**Work request:** Repeat exactly the lines of the entries below from the one with "Loup a repêché" through the one with "它的高温蒸汽除菌功能,15S", both ends included, and nothing else.

**Available data:**
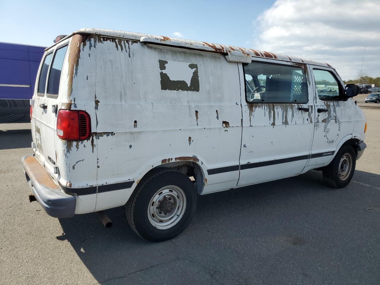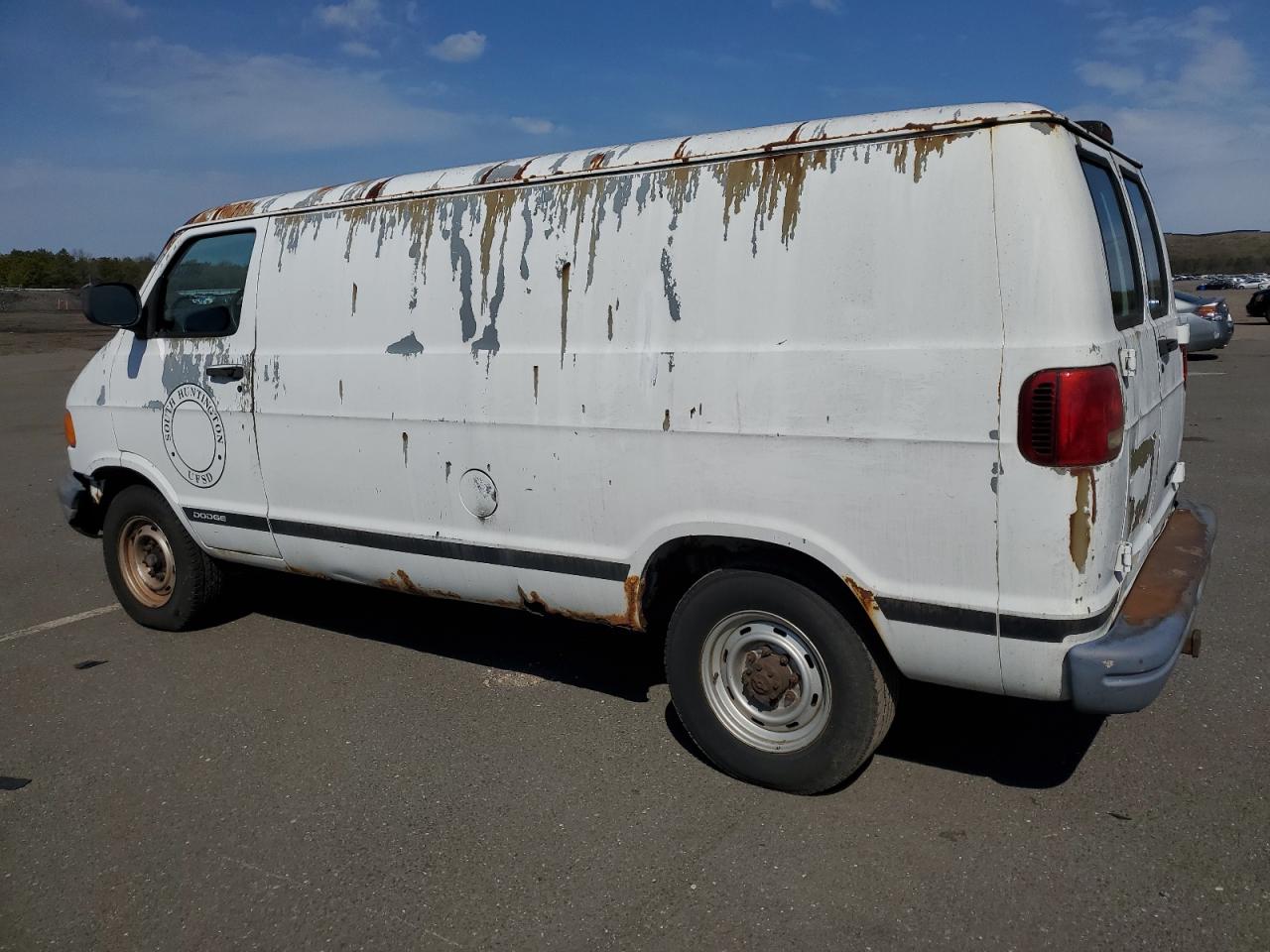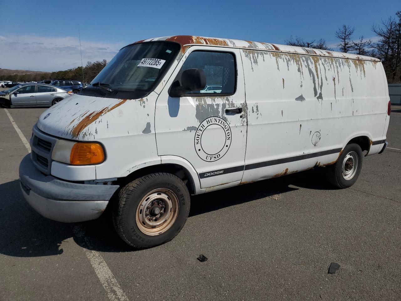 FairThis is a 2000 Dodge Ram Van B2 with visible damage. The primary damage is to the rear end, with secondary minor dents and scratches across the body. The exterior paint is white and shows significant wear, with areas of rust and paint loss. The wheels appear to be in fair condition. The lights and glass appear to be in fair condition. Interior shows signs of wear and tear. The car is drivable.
* * *
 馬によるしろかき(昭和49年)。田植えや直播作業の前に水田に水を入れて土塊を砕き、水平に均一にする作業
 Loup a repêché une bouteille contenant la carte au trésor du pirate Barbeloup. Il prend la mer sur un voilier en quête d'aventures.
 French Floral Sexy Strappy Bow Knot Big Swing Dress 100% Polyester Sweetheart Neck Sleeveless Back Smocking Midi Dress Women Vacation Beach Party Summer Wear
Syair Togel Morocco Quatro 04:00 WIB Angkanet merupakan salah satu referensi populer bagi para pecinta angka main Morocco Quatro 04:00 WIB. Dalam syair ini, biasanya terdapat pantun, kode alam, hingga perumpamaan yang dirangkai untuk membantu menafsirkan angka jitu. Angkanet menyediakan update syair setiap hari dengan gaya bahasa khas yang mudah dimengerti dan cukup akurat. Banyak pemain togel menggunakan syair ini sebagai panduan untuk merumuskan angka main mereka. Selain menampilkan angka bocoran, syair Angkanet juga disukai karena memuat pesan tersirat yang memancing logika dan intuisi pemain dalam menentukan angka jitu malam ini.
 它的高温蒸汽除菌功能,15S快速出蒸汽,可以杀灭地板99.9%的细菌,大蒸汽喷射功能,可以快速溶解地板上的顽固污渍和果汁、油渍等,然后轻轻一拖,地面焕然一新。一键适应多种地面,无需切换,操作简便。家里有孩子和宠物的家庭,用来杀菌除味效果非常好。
--
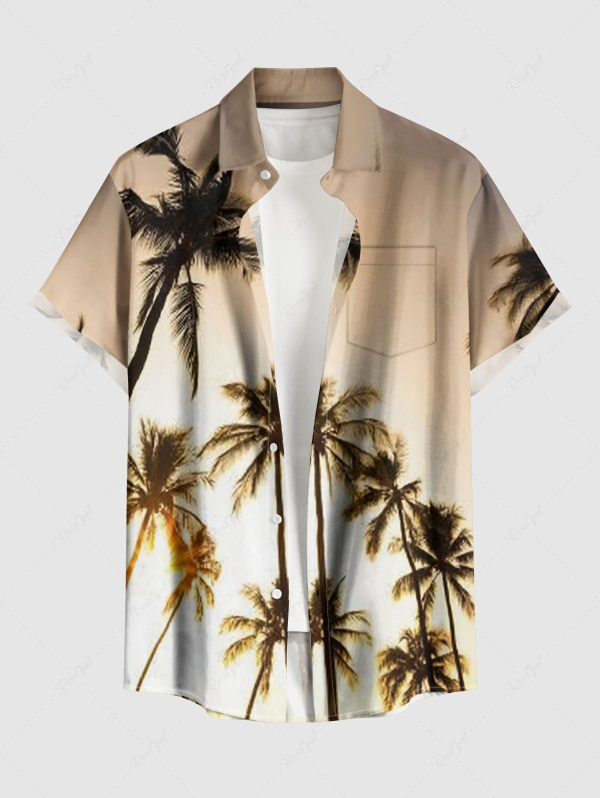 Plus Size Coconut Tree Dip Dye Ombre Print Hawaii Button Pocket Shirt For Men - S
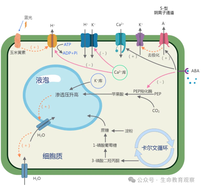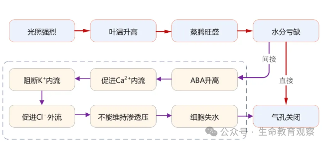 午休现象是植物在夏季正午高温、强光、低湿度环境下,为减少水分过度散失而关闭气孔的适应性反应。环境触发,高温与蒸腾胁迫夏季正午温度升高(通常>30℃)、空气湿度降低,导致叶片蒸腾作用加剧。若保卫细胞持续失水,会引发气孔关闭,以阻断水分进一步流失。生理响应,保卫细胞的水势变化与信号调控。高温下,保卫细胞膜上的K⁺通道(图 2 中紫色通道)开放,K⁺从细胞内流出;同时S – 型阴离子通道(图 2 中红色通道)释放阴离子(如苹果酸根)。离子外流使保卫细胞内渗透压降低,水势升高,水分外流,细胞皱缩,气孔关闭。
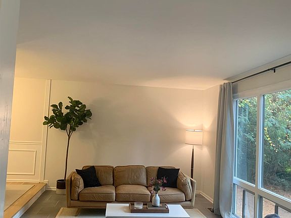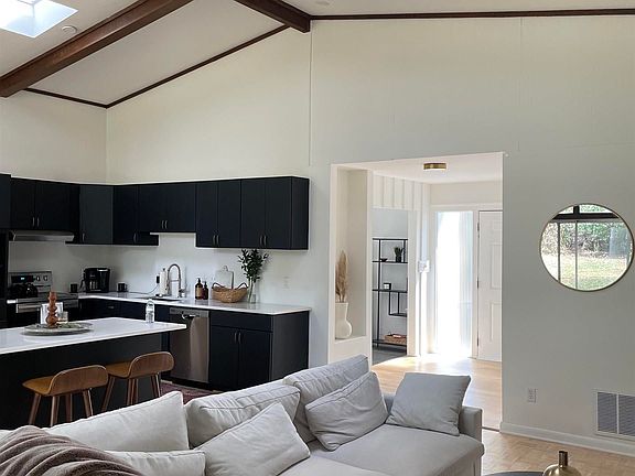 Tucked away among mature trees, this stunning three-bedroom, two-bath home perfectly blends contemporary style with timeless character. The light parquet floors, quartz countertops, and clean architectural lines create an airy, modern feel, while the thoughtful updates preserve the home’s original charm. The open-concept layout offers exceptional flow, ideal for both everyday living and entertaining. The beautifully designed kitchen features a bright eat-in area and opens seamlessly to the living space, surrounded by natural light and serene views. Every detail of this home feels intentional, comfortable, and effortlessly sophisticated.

**Output below:**
 Loup a repêché une bouteille contenant la carte au trésor du pirate Barbeloup. Il prend la mer sur un voilier en quête d'aventures.
 French Floral Sexy Strappy Bow Knot Big Swing Dress 100% Polyester Sweetheart Neck Sleeveless Back Smocking Midi Dress Women Vacation Beach Party Summer Wear
Syair Togel Morocco Quatro 04:00 WIB Angkanet merupakan salah satu referensi populer bagi para pecinta angka main Morocco Quatro 04:00 WIB. Dalam syair ini, biasanya terdapat pantun, kode alam, hingga perumpamaan yang dirangkai untuk membantu menafsirkan angka jitu. Angkanet menyediakan update syair setiap hari dengan gaya bahasa khas yang mudah dimengerti dan cukup akurat. Banyak pemain togel menggunakan syair ini sebagai panduan untuk merumuskan angka main mereka. Selain menampilkan angka bocoran, syair Angkanet juga disukai karena memuat pesan tersirat yang memancing logika dan intuisi pemain dalam menentukan angka jitu malam ini.
 它的高温蒸汽除菌功能,15S快速出蒸汽,可以杀灭地板99.9%的细菌,大蒸汽喷射功能,可以快速溶解地板上的顽固污渍和果汁、油渍等,然后轻轻一拖,地面焕然一新。一键适应多种地面,无需切换,操作简便。家里有孩子和宠物的家庭,用来杀菌除味效果非常好。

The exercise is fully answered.